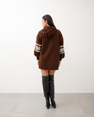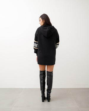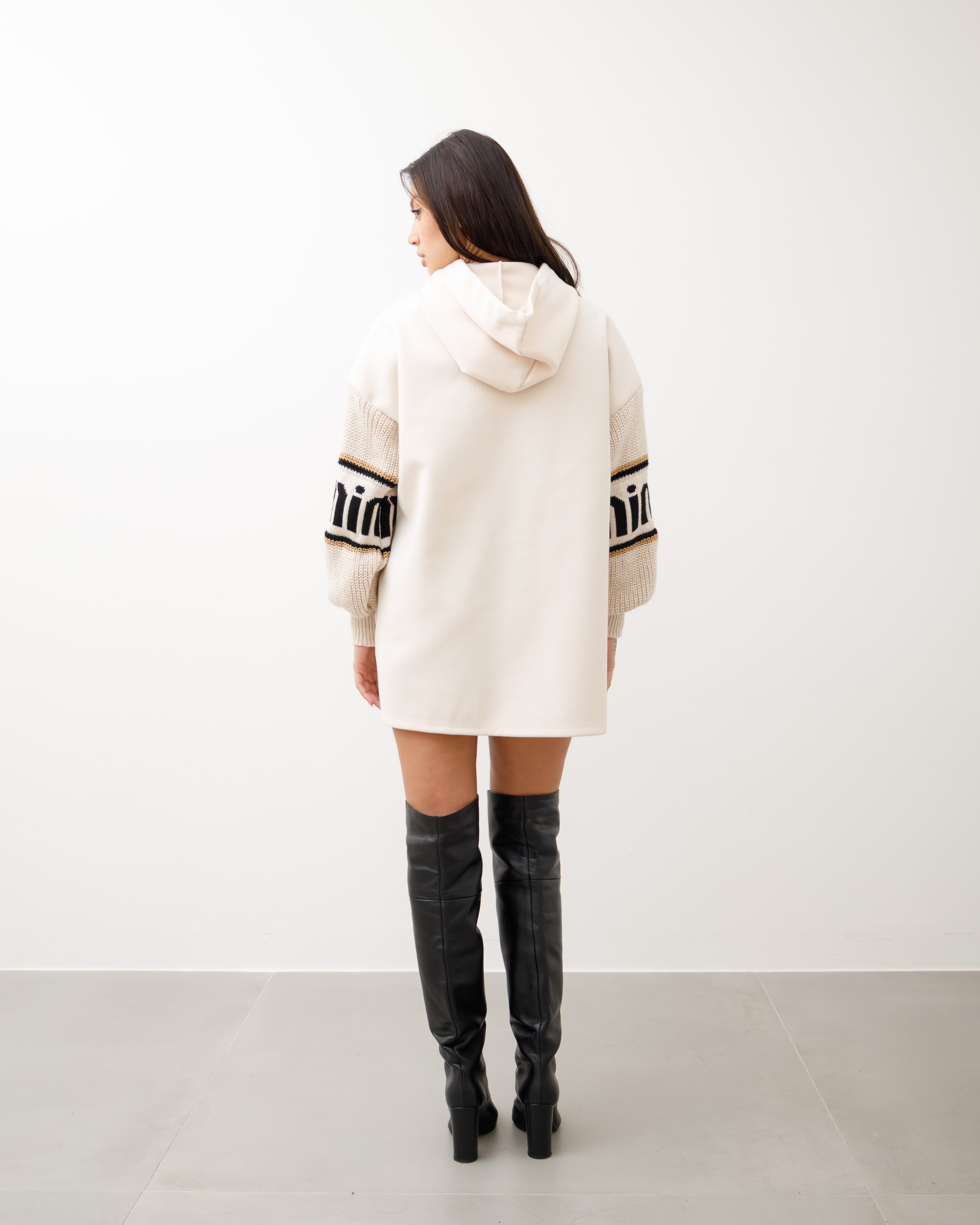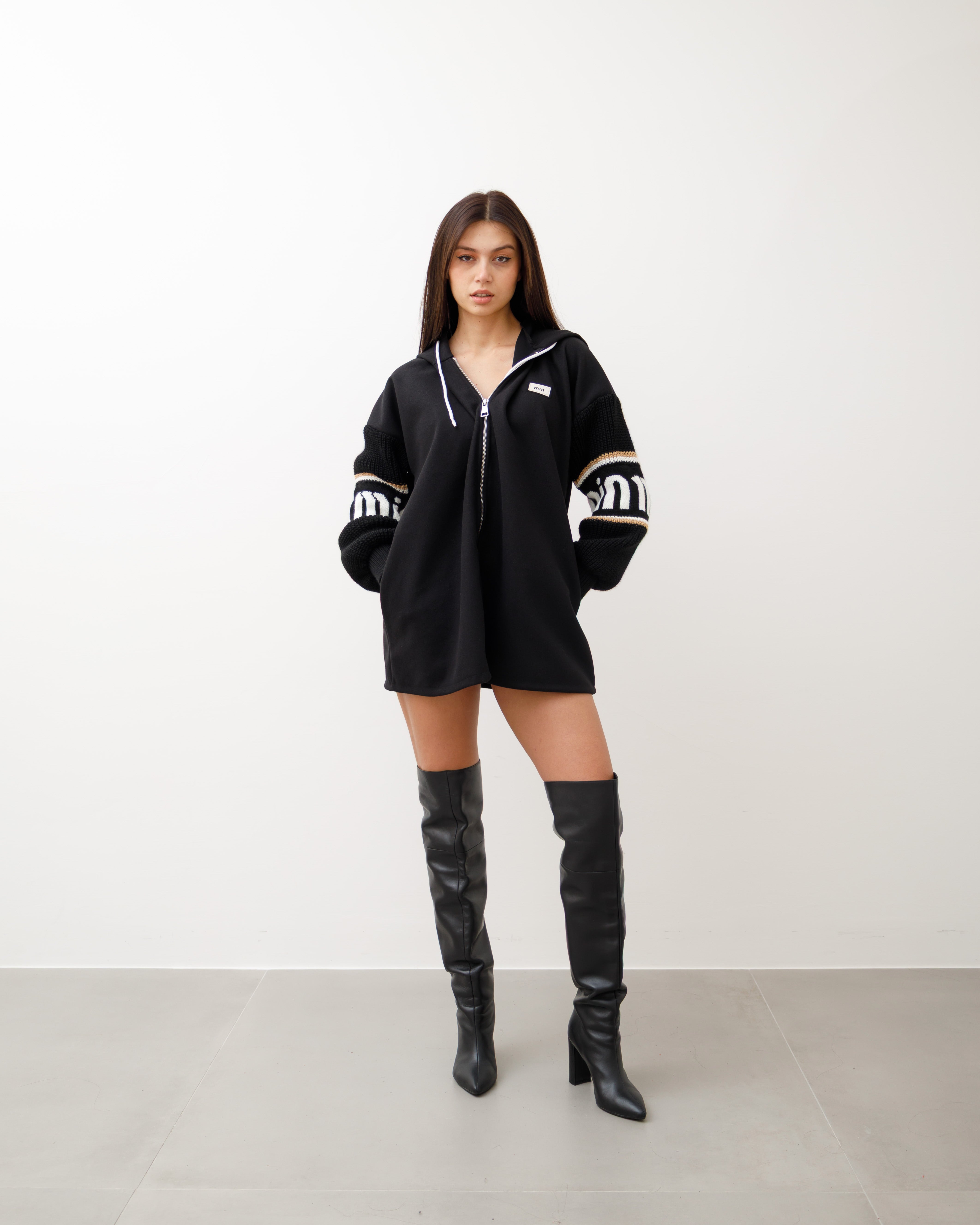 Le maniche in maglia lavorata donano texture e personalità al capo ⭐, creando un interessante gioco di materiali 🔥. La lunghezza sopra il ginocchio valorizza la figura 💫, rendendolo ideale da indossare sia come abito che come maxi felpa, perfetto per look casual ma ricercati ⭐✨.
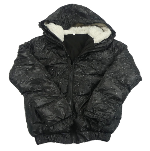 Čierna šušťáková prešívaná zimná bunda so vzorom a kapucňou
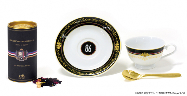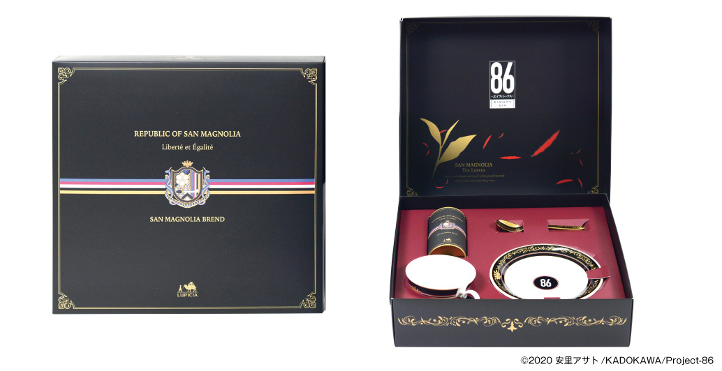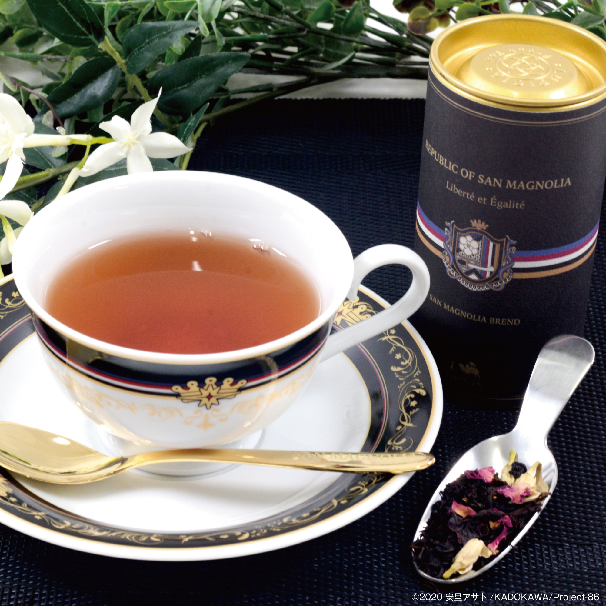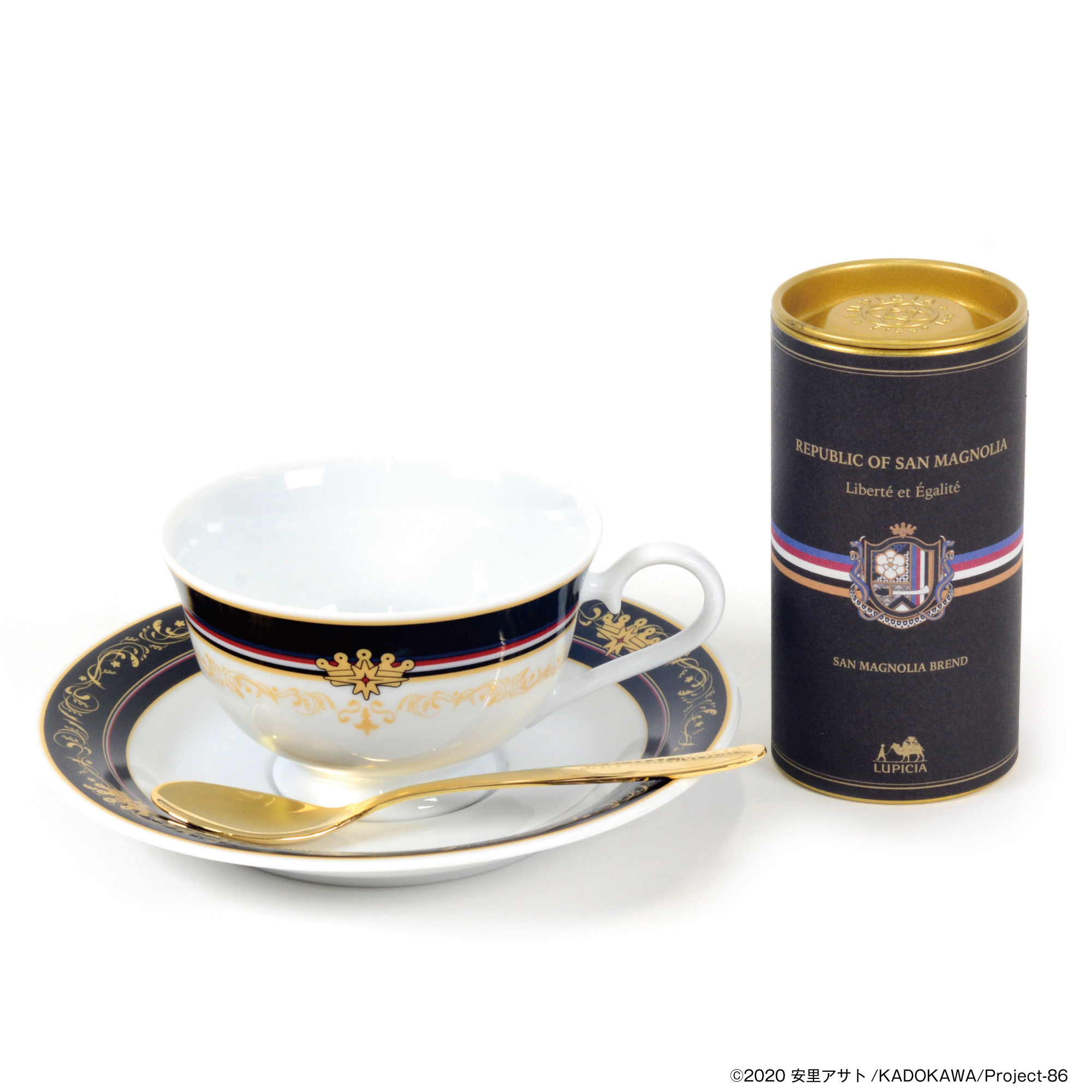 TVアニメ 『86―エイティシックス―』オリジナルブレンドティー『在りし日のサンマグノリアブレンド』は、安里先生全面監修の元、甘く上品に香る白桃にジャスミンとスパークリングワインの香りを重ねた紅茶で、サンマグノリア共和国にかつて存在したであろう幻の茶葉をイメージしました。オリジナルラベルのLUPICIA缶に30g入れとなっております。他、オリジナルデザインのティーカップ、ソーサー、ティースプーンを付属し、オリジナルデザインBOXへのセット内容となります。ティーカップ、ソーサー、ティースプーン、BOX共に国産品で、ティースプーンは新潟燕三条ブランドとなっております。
======
◆ TASK DIRECTIONS:
Pictures should not appear; only the lines from the start of the listing above to the line containing "Čierna šušťáková prešívaná", both ends included, are to be repeated exactly.

◆ WRITTEN REPLY:
 Le maniche in maglia lavorata donano texture e personalità al capo ⭐, creando un interessante gioco di materiali 🔥. La lunghezza sopra il ginocchio valorizza la figura 💫, rendendolo ideale da indossare sia come abito che come maxi felpa, perfetto per look casual ma ricercati ⭐✨.
 Čierna šušťáková prešívaná zimná bunda so vzorom a kapucňou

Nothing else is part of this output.